“Nothing other than a cell with the required epigenetic primordia is capable of receiving a human substantial form.”
Since publishing a joint statement signed by 35 ethicists and scientists, there has been some criticism of the position.1 As signatories of this statement we would like to respond to some of these criticisms. First, however, for those who may not have read the original statement or the critiques, we will briefly summarize them.
Our original statement outlined a proposal for using a form of Altered Nuclear Transfer (ANT), in other words OAR, which we believe would allow the production of pluripotent stem cells without creating and destroying embryos. We must emphasize that this proposal is for initial research using only non-human animal cells. We stated that further research with human cells would only be allowed to proceed if it can be established beyond a reasonable doubt that no embryo is formed. Our initial analysis seemed to indicate that this was a distinct possibility.
To put it briefly, OAR is based upon our position that the nature of a cell is defined by its epigenetic state, in other words, which subset of the approximately 30,000 human genes are turned on or off and if turned on, at what level. The protein called “Nanog” is present in pluripotent embryonic stem cells, is not present in the oocyte (ovum) or zygote (single cell embryo), but is present in the inner cell mass (ICM) of the blastocyst (approximately a week-old embryo). Thus, this OAR proposal will evaluate whether it is possible to reprogram a somatic nucleus inserted into an enucleated oocyte, to immediately produce pluripotent stem cells by turning on the relevant gene in chromosome 7, and, thereby, bypassing the formation of an embryo.

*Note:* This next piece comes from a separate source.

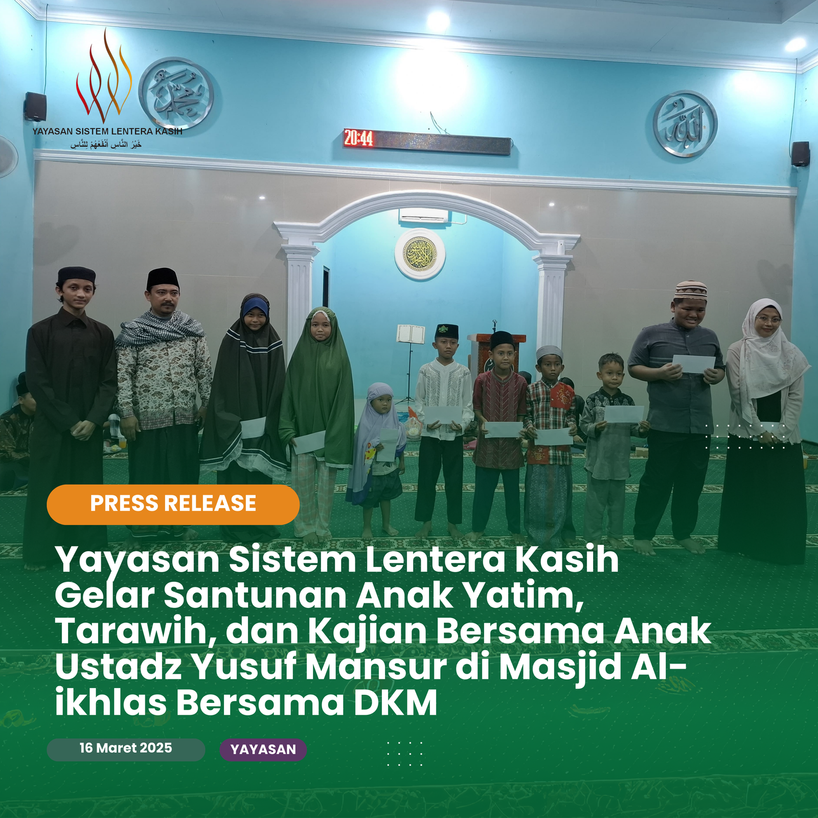 Yayasan Sistem Lentera Kasih Gelar Santunan Anak Yatim, Tarawih, dan Kajian Bersama Anak Ustadz Yusuf Mansur di Masjid Al-ikhlas Bersama

There have been several criticisms leveled against this proposal. The first was published by Communio editor, David Schindler.2 A second critique was proffered by neurologists William Burke, M.D. and Patrick Pullicino, M.D. together with ethicist Fr. Edward Richard published in the web-based magazine Women for Faith and Family, on 15 August 2005 and entitled, “Is Oocyte Assisted Reprogramming (OAR) a Moral Procedure to Retrieve Embryonic Stem Cells?”3 A third is by Catholic journalist Vivian W. Dudro, published in the online magazine Ignatius Insight.4 Dudro’s article is essentially a popularization of the first two critiques. There is some overlap among these articles, especially the third with the first two. Here we have space only to briefly summarize some of the most salient criticisms.